Armi Elina Annikki Pohjanpää (8 April 1933, in Helsinki – 13 January 1996) was a Finnish actress. Her theatrical career lasted for 40 years, and in addition, she appeared in several Finnish films by directors such as Ilmari Unho, Aarne Tarkas and Matti Kassila.

== In theatre ==
Pohjanpää's career started in a Kotka City Theatre in 1952 where she also met her future husband Pentti Siimes. The two got married in 1956, and their marriage lasted until Pohjanpää's death. After a year in Kotka, Pohjanpää started to work for Helsinki City Theatre where she stayed employed for the rest of her life.

== Films ==
Elina Pohjanpää was 17 years old when she made her first film appearance in a film Amor hoi! (1950).
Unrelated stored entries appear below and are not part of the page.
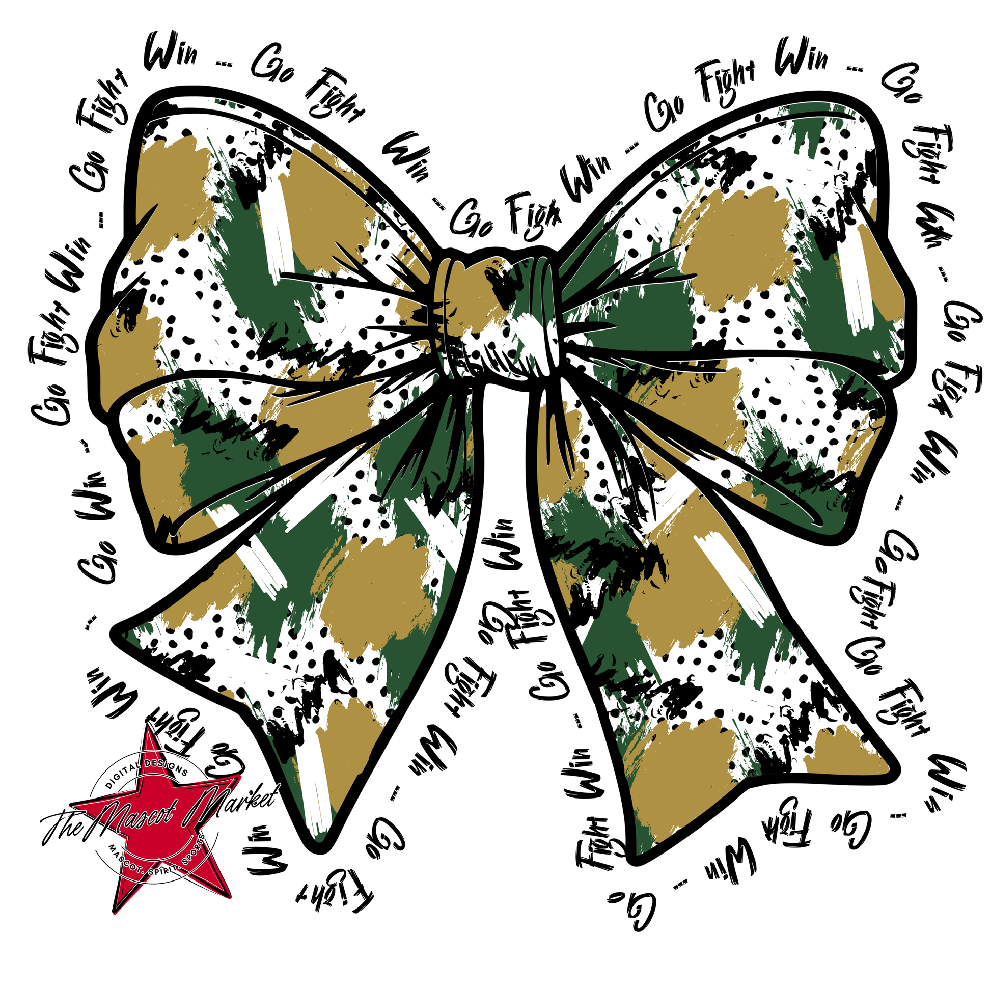 Go, Fight, Win, Splatter Bow Design-Green-Gold
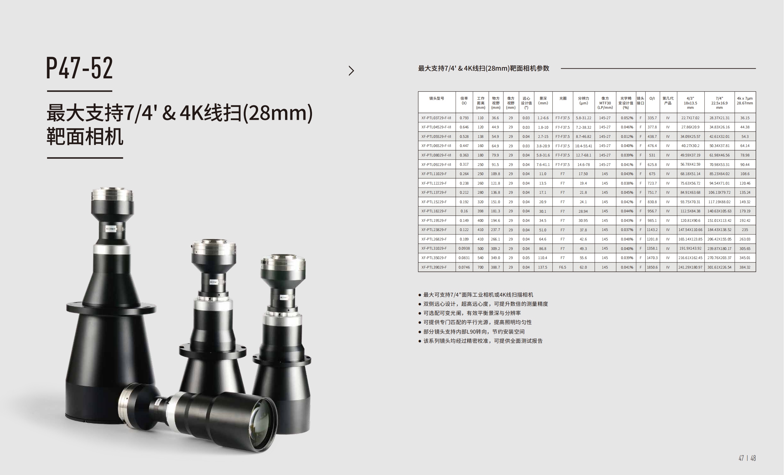 最大支持四分之七英寸&4K线扫(28mm)靶面相机
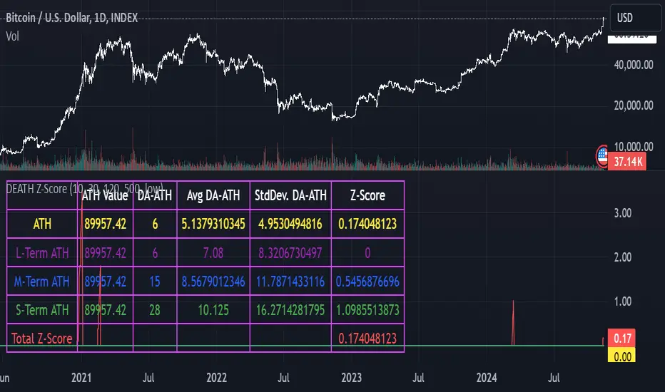This indicator calculates the average number of days that the price is above its last ATH before suffering a significant dump. Then, it uses the average and the standard deviation to calculate the current Z-Score when breaking an ATH.
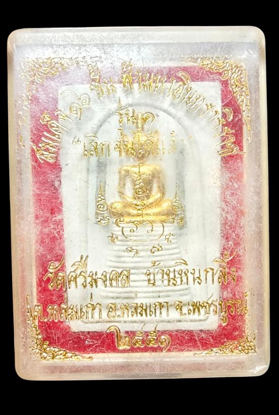 20 พระสมเด็จ 16 ชั้นฟ้า มหาอินทราธิราช รุ่น 1 วัดศรีมงคล บ้านหินกลิ้ง จัดสร้างเมื่อปี 2551เนื้อผงผสมมวลสารศักดิ์สิทธิ์ ด้านหลังฝังพลอยเสก ฝังตะกรุดเงิน 2 ดอก จ.เพชรบูรณ์ โดยพระอาจารย์พรฤทธิ์ อภินันโท |
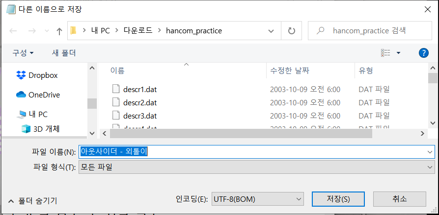 구버전은 위 방법과 같이 모든 파일, UTF-8(BOM)으로 설정했는데 오류가 났다.
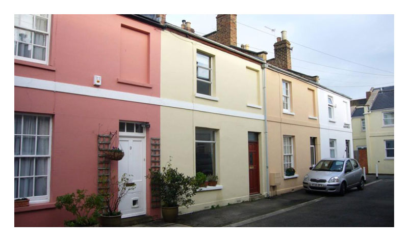 John Hickey's grandson told EJB that his grandparents lived at first at "No. 8 Little Bay's Hill Terrace, Cheltenham." In 2016, there were a number of images online of Little Bayshill Terrace, Cheltenham, of which these are typical.
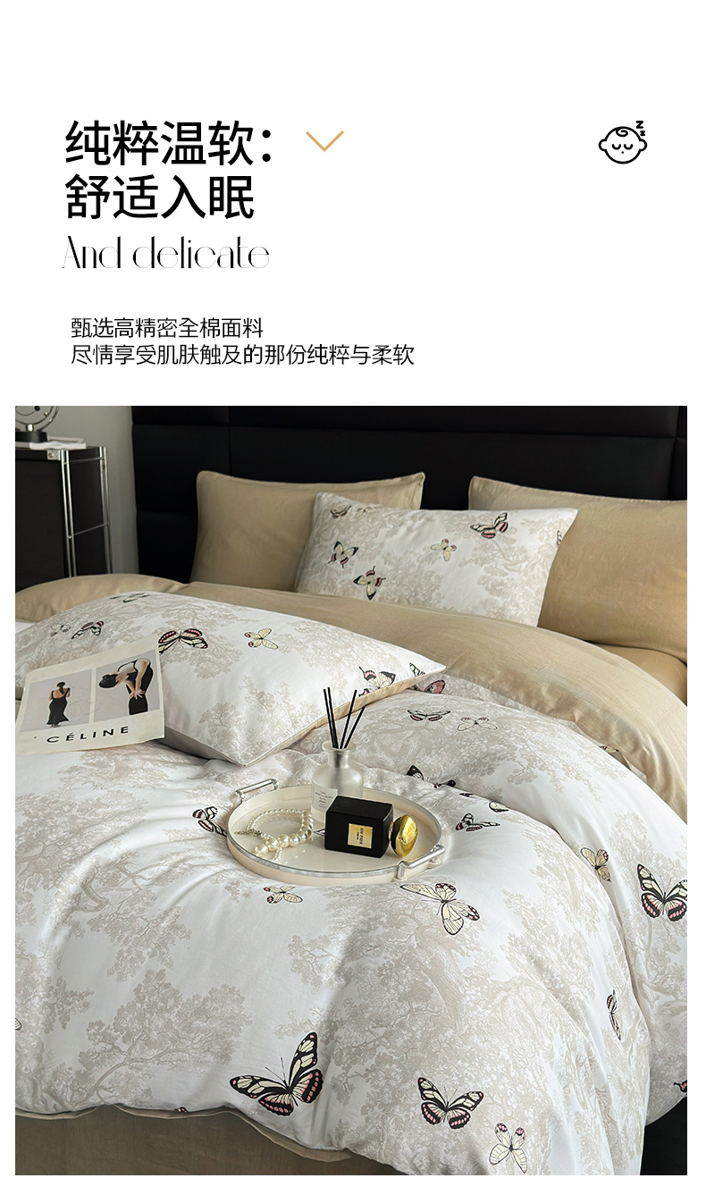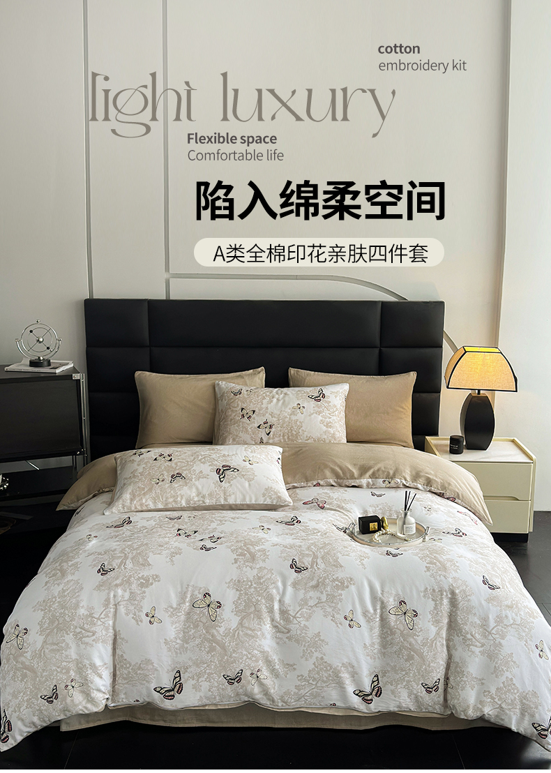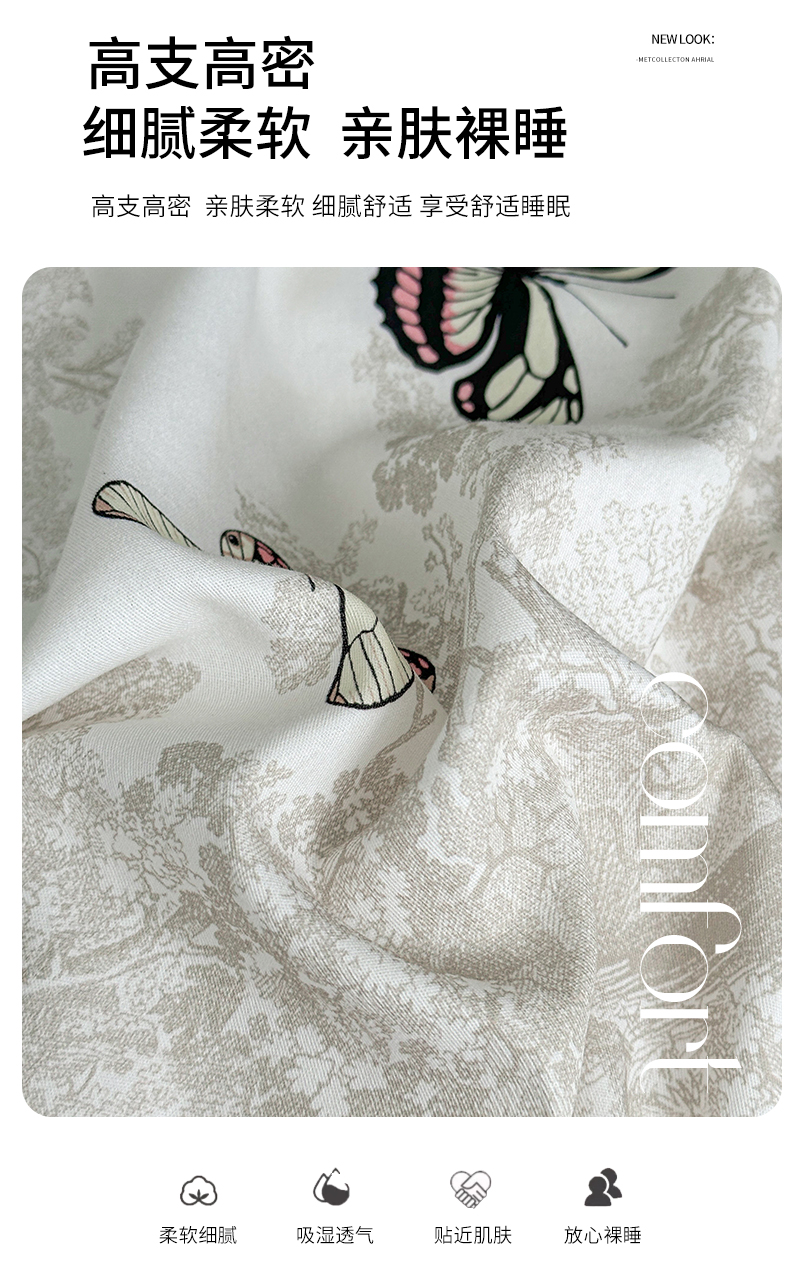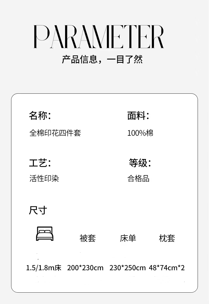 Hllton Meiju 100%新疆全棉亲肤超柔印花四件套 HL-1006 200x230cm 福气叠叠(单位:套)

Her first leading role came a year later with Kuisma ja Helinä (1951). All in all, Pohjanpää appeared in 29 films. Often she and Pentti Siimes were seen together in films such as Tyttö lähtee kasarmiin (1956) and Rakas varkaani (1957). Their real-life wedding was seen in Rakas varkaani, which was also the only film in which they were seen as lovers.

== Selected filmography ==
- Amor hoi! (1950)
- Kuisma ja Helinä (1951)
- Mother or Woman (1953)
- Isän vanha ja uusi (1955)
- Villi Pohjola (1955)
- Juha (1956)
- Komisario Palmun erehdys (1960)
- Elokuva jalostavasta rakkaudesta (1967)
- Niskavuori (1984)
- Tie naisen sydämeen (1996)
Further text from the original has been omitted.